YOUR GOAL
This calls for a verbatim copy of all the data, with no images carried over.

MATERIALS PROVIDED
---+---

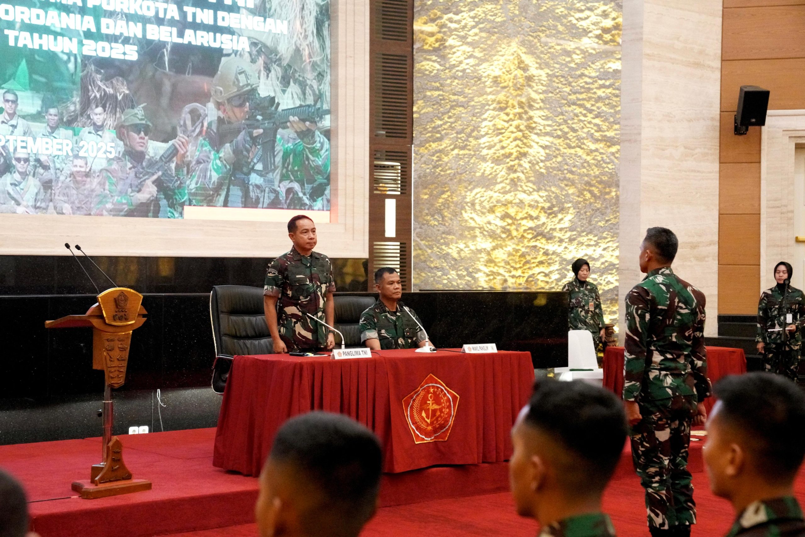 PIJARNUSA.COM-Panglima TNI Jenderal TNI Agus Subiyanto memberikan pengarahan kepada personel purna tugas kontingen Latihan Bersama (Latma) Pertempuran Kota (Purkota) TNI gelombang I yang baru saja menyelesaikan latihan bersama Angkatan Bersenjata Yordania dan Belarusia, bertempat di Aula Gatot Soebroto, Mabes TNI, Cilangkap. Jakarta Timur. Senin (8/9/2025).
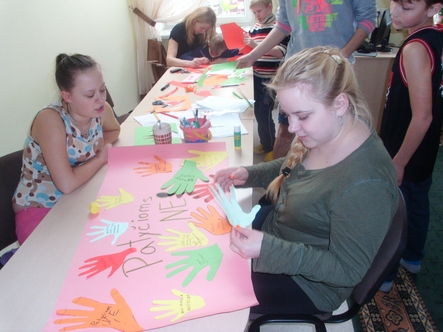 Vaikai kūrė stendą. „ Vaikų globos namai be patyčių“
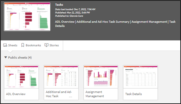 The Tasks App offers users an overview of tasks in their community. This app contains four sheets: ADL Overview, Additional and Ad Hoc Tasks, Assignment Management, and Task Details. These sheets can be used to answer the following questions:
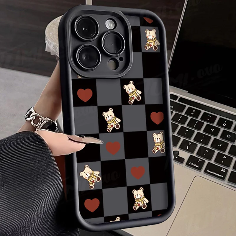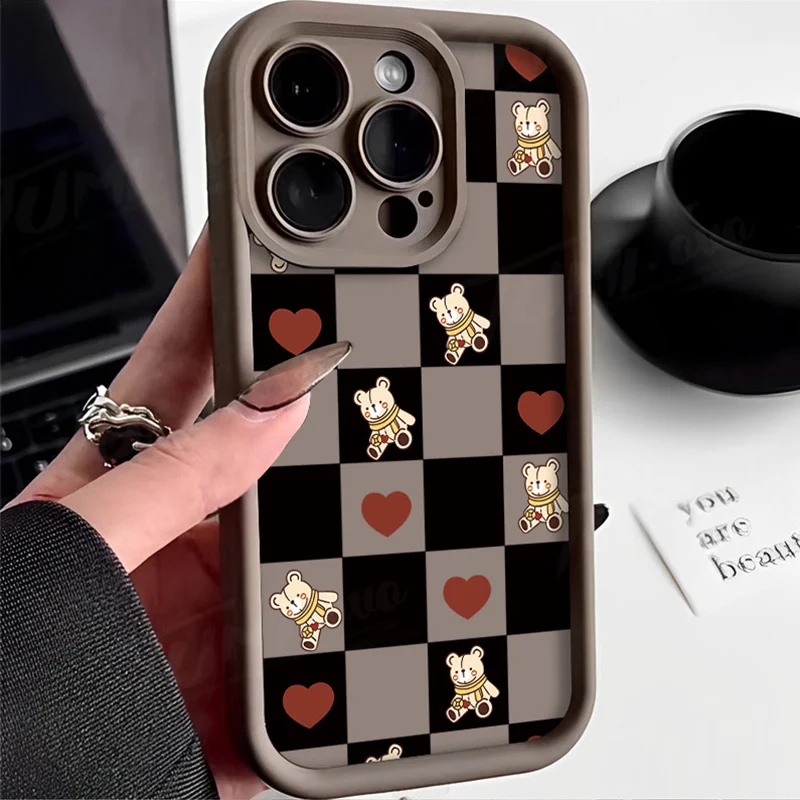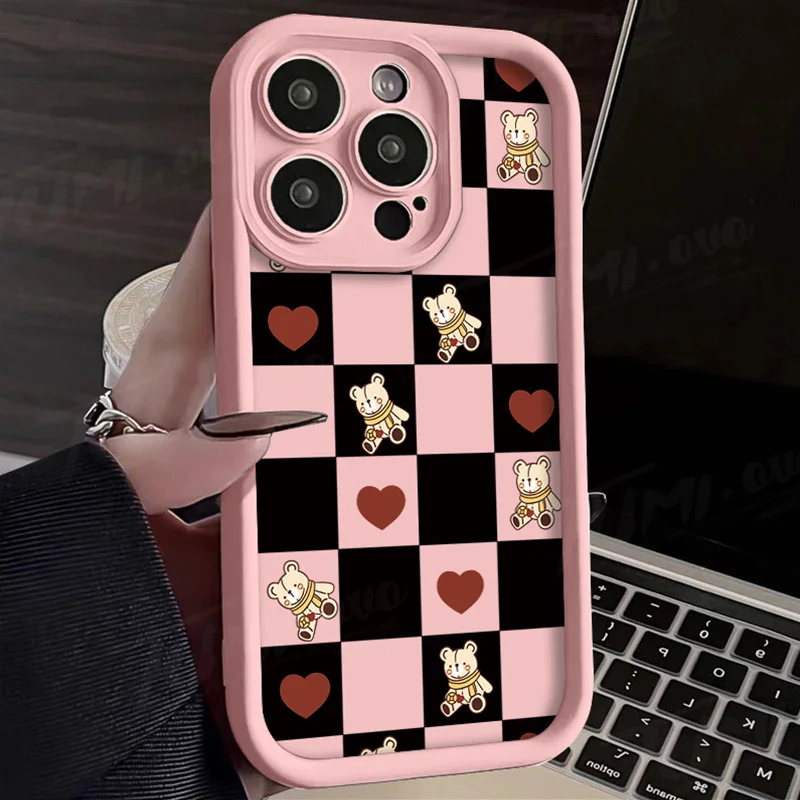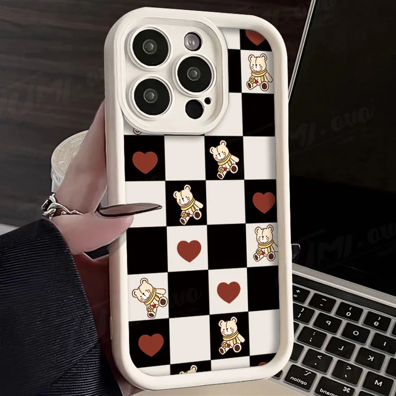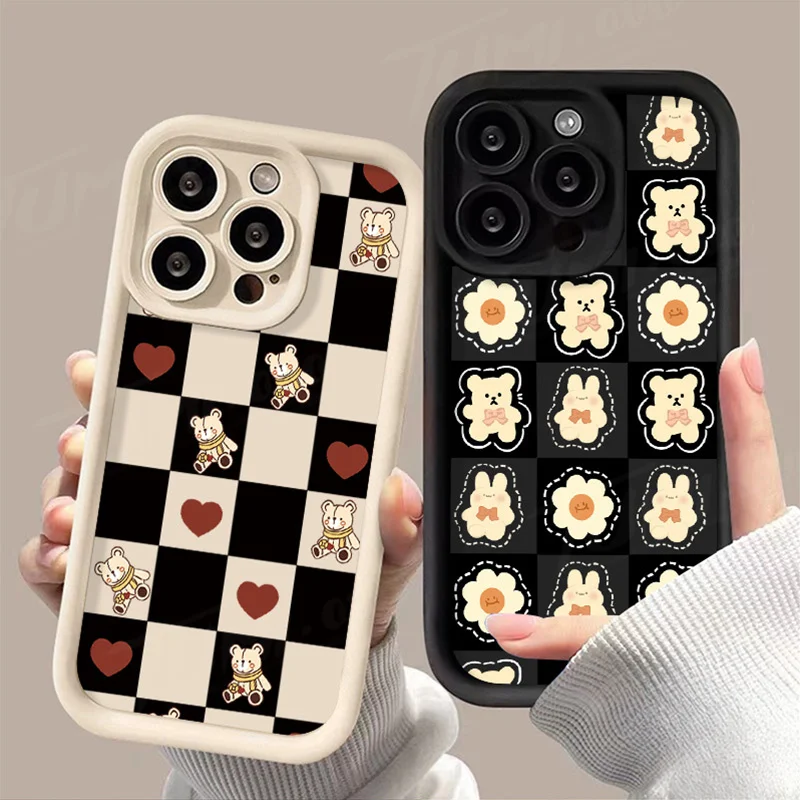 Comprar Funda de silicona suave para Samsung Galaxy S24 Ultra, S23 FE, S22, S21 Plus FE, A54, A34, A14, A73, A53, A33, 5G, Retro Grid Bear Rabbit
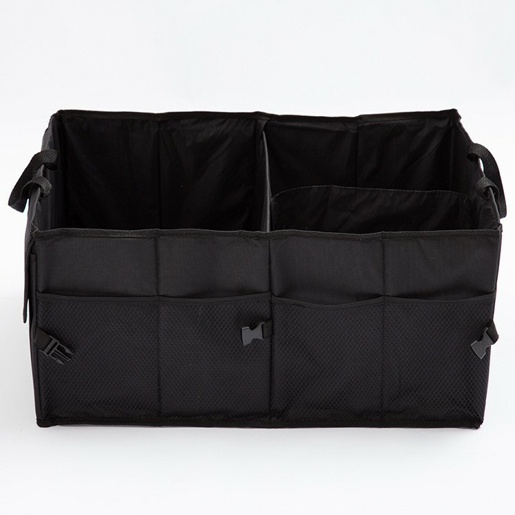 Hộp để đồ đa năng gấp gọn ở cốp sau xe hơi ô tô. Khi không dùng gấp gọn lại như 1 chiếc túi xách kích thước 40x26cm, khi kéo ra thành hộp đồ lớn kích thước 56x40x26cm - Tạo không gian lưu trữ đồ đạc thoải mái và tiện nghi trong chiếc xe hơi của bạn. - Gọn gàng, ngăn nắp hơn. Không còn tình trạng bừa bộn - Không còn tình trạng tìm kiếm khắp nơi mà không thấy đồ cần thiết đâu nữa. - Tiết kiệm được diện tích trên xe, xe sạch sẽ hơn, sang trọng hơn - Có thể dễ dàng gập lại khi không dùng đến Chất liệu: Vải dù, rất bền, chống bẩn Màu đen, trọng lượng 500g
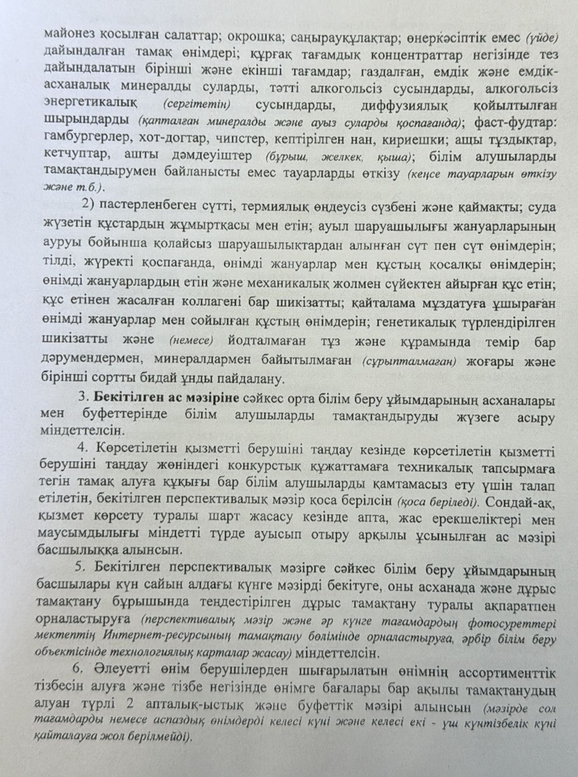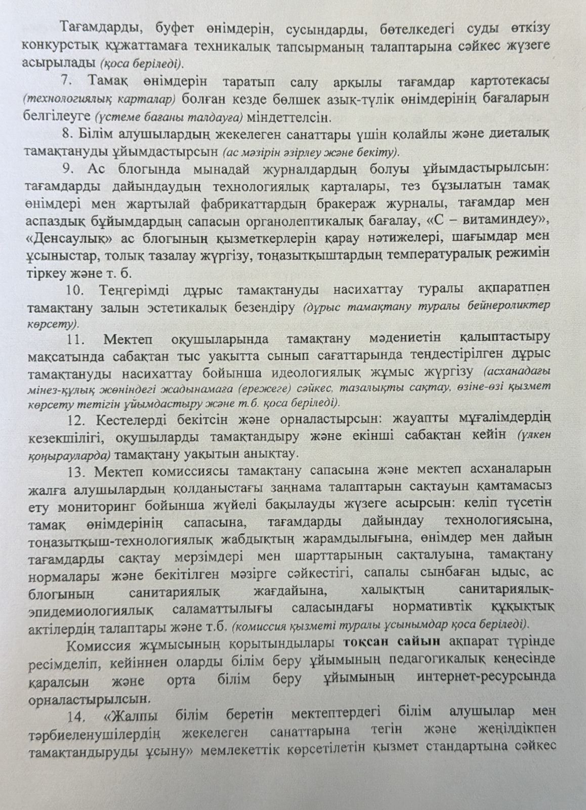 Демонстрационный сайт152 мектеп » Тамақтандыру » Ас мәзірі » Қазақстан Республикасы Оқу - ағарту министрінің 2018 жылғы 31 қазандағы № 598 бұйрығымен бекітілген Орта білім беру ұйымдарында білім алушыларды тамақтандыруды ұйымдастыру қағидалары
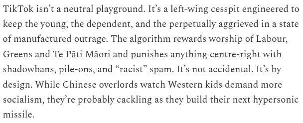 Consumer preferences matter though. The userbase of Tiktok tracks younger than other platforms. Less educated, less affluent, superficially informed, more ethnically diverse. And of course many are seeking entertainment over edification which is entirely legitimate. In my opinion this userbase is particularly susceptible to manipulation whether practised by ByteDance on behalf of the Chinese Communist Party or domestically by the far-left politicians in New Zealand producing puerile content tailored to their limited attention spans.
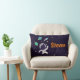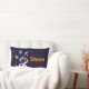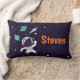 Um travesseiro lombar personalizado com um fundo azul escuro com estrelas amarelas espalhadas ao redor. Camadas sobre o topo é uma ilustração de um espaçador vestindo um traje astronauta branco flutuando no espaço. À distância estão planetas com anéis e um foguete a explodir em lugares desconhecidos.
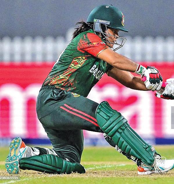 brought up the team's fifty with a slash through a backward point, and Nawaz hit back-to-back boundaries off Fahima. But Nawaz's stay at the crease was troubled. She was given out lbw to Fahima on 0 and reviewed. UltraEdge showed she had hit the ball. Three overs later, Nawaz was given not out off Rabeya Khan, and Bangladesh reviewed a close call. Replays showed the ball close to both the bat and the pad as it spun back in, and third umpire N Janani ruled it had hit the pad first.
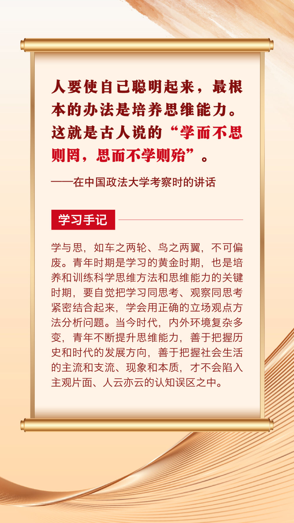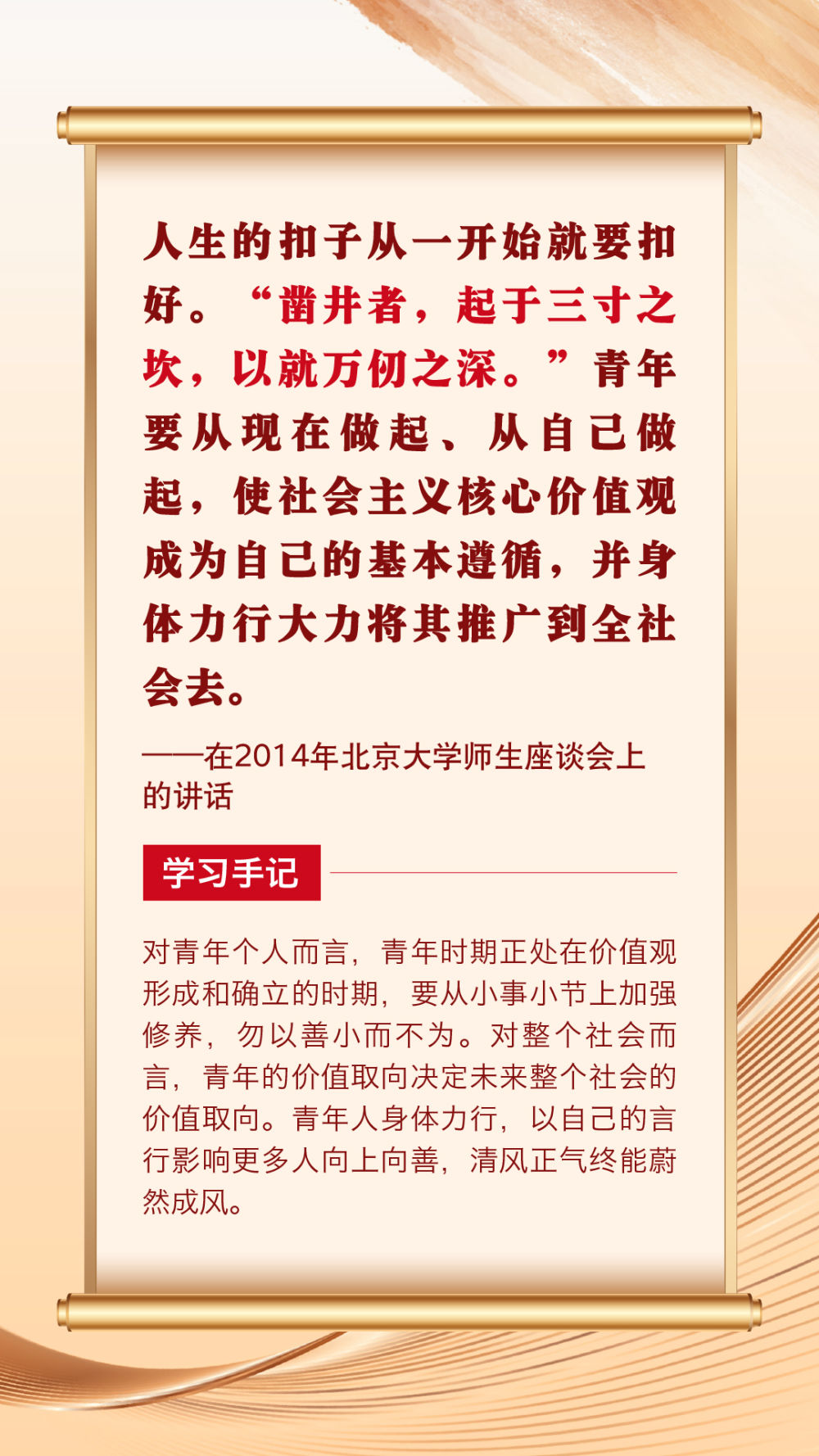 “青年者,國(guó)家之魂?!鼻嗄暌淮院畏N精神風(fēng)貌站上時(shí)代舞臺(tái),關(guān)乎祖國(guó)的明天、民族的未來。黨的十八大以來,習(xí)近平總書記圍繞青年成長(zhǎng)成才作出許多重要論述。其中,有信手拈來的精妙典故,有貫古通今的廣征博引,引領(lǐng)廣大青年不斷在中華文化的浸潤(rùn)中堅(jiān)定中國(guó)心、涵養(yǎng)民族魂,成長(zhǎng)為堪當(dāng)復(fù)興重任的時(shí)代新人。
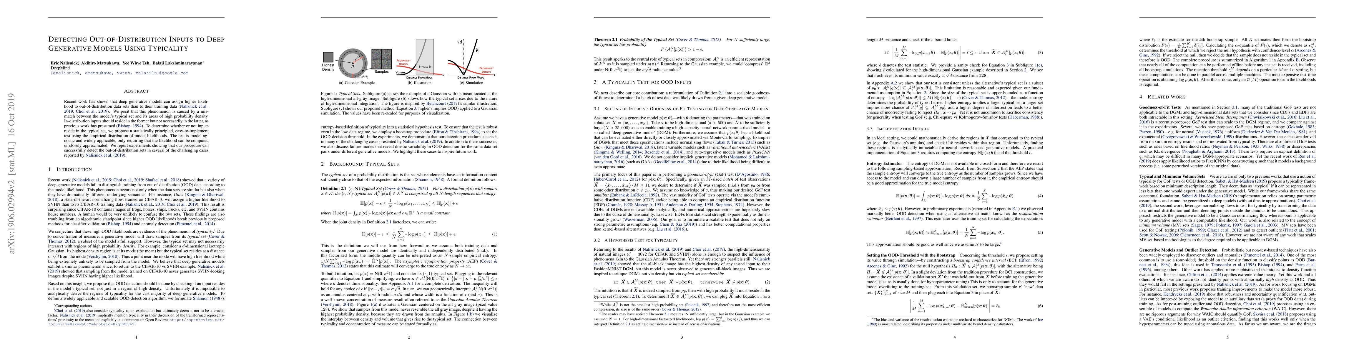 This paper proposes a method to detect out-of-distribution inputs for deep generative models by assessing whether inputs fall within the model's typical set, using a statistically principled test based on the empirical distribution of model likelihoods. The method is model agnostic and successfully identifies out-of-distribution data in several challenging cases.
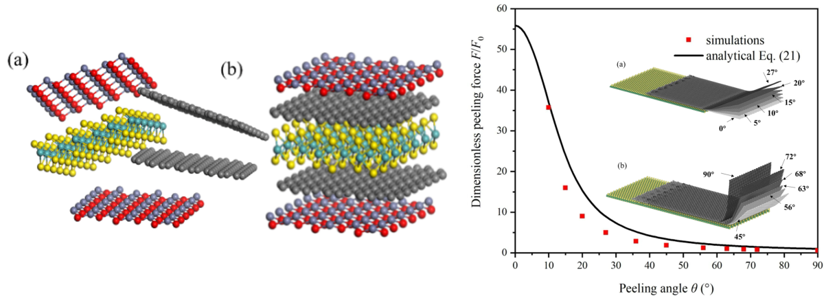Kui Lin, Ya-Pu Zhao*. Mechanical peeling of van der Waals heterostructures: Theory and simulations. Extreme Mechanics Letters, 30: 100501 (2019). (Q1, Citations: 38)
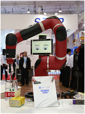 这款拥有两个中国红手臂的"小家伙"是由Rethink Robotics公司研发的Baxter智能协作机器人,是机器人大师Rodney Brooks的又一件作品。Baxter无所不能,不仅会装盒子、叠衣服,还会自拍!最重要的是,它是一名优秀的机器人"员工":在工厂,教什么会什么,学什么像什么,完全适应各种生产线,其独特的柔性身体构造还避免了在接触工人时对工人造成伤害。
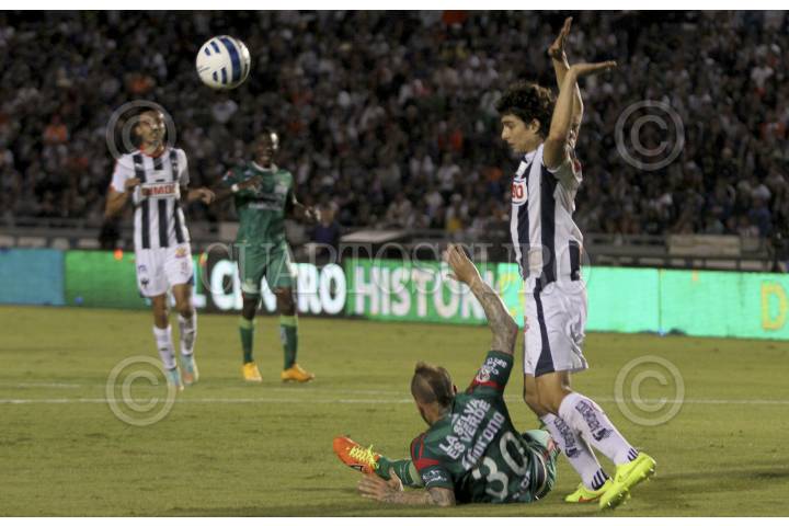 John Stefan Medina Ramírez (Monterrey) disputa un balón con Eduardo Salvio (Pumas, durante el encuentro que empataron a un gol, en el Estadio Olímpico Universitario.
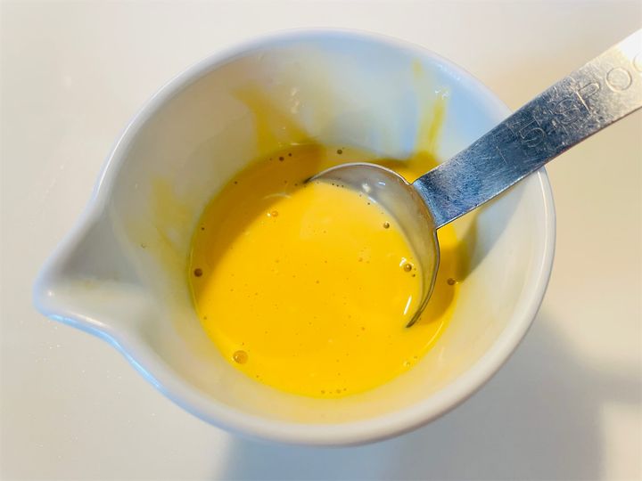2. 卵黄に分量の生クリームのうち大さじ1~2を入れ、よく混ぜておく。

---+---

RESULT OF THIS TASK
 PIJARNUSA.COM-Panglima TNI Jenderal TNI Agus Subiyanto memberikan pengarahan kepada personel purna tugas kontingen Latihan Bersama (Latma) Pertempuran Kota (Purkota) TNI gelombang I yang baru saja menyelesaikan latihan bersama Angkatan Bersenjata Yordania dan Belarusia, bertempat di Aula Gatot Soebroto, Mabes TNI, Cilangkap. Jakarta Timur. Senin (8/9/2025).
 Vaikai kūrė stendą. „ Vaikų globos namai be patyčių“
 The Tasks App offers users an overview of tasks in their community. This app contains four sheets: ADL Overview, Additional and Ad Hoc Tasks, Assignment Management, and Task Details. These sheets can be used to answer the following questions:
 Comprar Funda de silicona suave para Samsung Galaxy S24 Ultra, S23 FE, S22, S21 Plus FE, A54, A34, A14, A73, A53, A33, 5G, Retro Grid Bear Rabbit
 Hộp để đồ đa năng gấp gọn ở cốp sau xe hơi ô tô. Khi không dùng gấp gọn lại như 1 chiếc túi xách kích thước 40x26cm, khi kéo ra thành hộp đồ lớn kích thước 56x40x26cm - Tạo không gian lưu trữ đồ đạc thoải mái và tiện nghi trong chiếc xe hơi của bạn. - Gọn gàng, ngăn nắp hơn. Không còn tình trạng bừa bộn - Không còn tình trạng tìm kiếm khắp nơi mà không thấy đồ cần thiết đâu nữa. - Tiết kiệm được diện tích trên xe, xe sạch sẽ hơn, sang trọng hơn - Có thể dễ dàng gập lại khi không dùng đến Chất liệu: Vải dù, rất bền, chống bẩn Màu đen, trọng lượng 500g
 Демонстрационный сайт152 мектеп » Тамақтандыру » Ас мәзірі » Қазақстан Республикасы Оқу - ағарту министрінің 2018 жылғы 31 қазандағы № 598 бұйрығымен бекітілген Орта білім беру ұйымдарында білім алушыларды тамақтандыруды ұйымдастыру қағидалары
 Consumer preferences matter though. The userbase of Tiktok tracks younger than other platforms. Less educated, less affluent, superficially informed, more ethnically diverse. And of course many are seeking entertainment over edification which is entirely legitimate. In my opinion this userbase is particularly susceptible to manipulation whether practised by ByteDance on behalf of the Chinese Communist Party or domestically by the far-left politicians in New Zealand producing puerile content tailored to their limited attention spans.
 Um travesseiro lombar personalizado com um fundo azul escuro com estrelas amarelas espalhadas ao redor. Camadas sobre o topo é uma ilustração de um espaçador vestindo um traje astronauta branco flutuando no espaço. À distância estão planetas com anéis e um foguete a explodir em lugares desconhecidos.
 brought up the team's fifty with a slash through a backward point, and Nawaz hit back-to-back boundaries off Fahima. But Nawaz's stay at the crease was troubled. She was given out lbw to Fahima on 0 and reviewed. UltraEdge showed she had hit the ball. Three overs later, Nawaz was given not out off Rabeya Khan, and Bangladesh reviewed a close call. Replays showed the ball close to both the bat and the pad as it spun back in, and third umpire N Janani ruled it had hit the pad first.
 “青年者,國(guó)家之魂?!鼻嗄暌淮院畏N精神風(fēng)貌站上時(shí)代舞臺(tái),關(guān)乎祖國(guó)的明天、民族的未來。黨的十八大以來,習(xí)近平總書記圍繞青年成長(zhǎng)成才作出許多重要論述。其中,有信手拈來的精妙典故,有貫古通今的廣征博引,引領(lǐng)廣大青年不斷在中華文化的浸潤(rùn)中堅(jiān)定中國(guó)心、涵養(yǎng)民族魂,成長(zhǎng)為堪當(dāng)復(fù)興重任的時(shí)代新人。
 This paper proposes a method to detect out-of-distribution inputs for deep generative models by assessing whether inputs fall within the model's typical set, using a statistically principled test based on the empirical distribution of model likelihoods. The method is model agnostic and successfully identifies out-of-distribution data in several challenging cases.
Kui Lin, Ya-Pu Zhao*. Mechanical peeling of van der Waals heterostructures: Theory and simulations. Extreme Mechanics Letters, 30: 100501 (2019). (Q1, Citations: 38)
 这款拥有两个中国红手臂的"小家伙"是由Rethink Robotics公司研发的Baxter智能协作机器人,是机器人大师Rodney Brooks的又一件作品。Baxter无所不能,不仅会装盒子、叠衣服,还会自拍!最重要的是,它是一名优秀的机器人"员工":在工厂,教什么会什么,学什么像什么,完全适应各种生产线,其独特的柔性身体构造还避免了在接触工人时对工人造成伤害。
 John Stefan Medina Ramírez (Monterrey) disputa un balón con Eduardo Salvio (Pumas, durante el encuentro que empataron a un gol, en el Estadio Olímpico Universitario.
2. 卵黄に分量の生クリームのうち大さじ1~2を入れ、よく混ぜておく。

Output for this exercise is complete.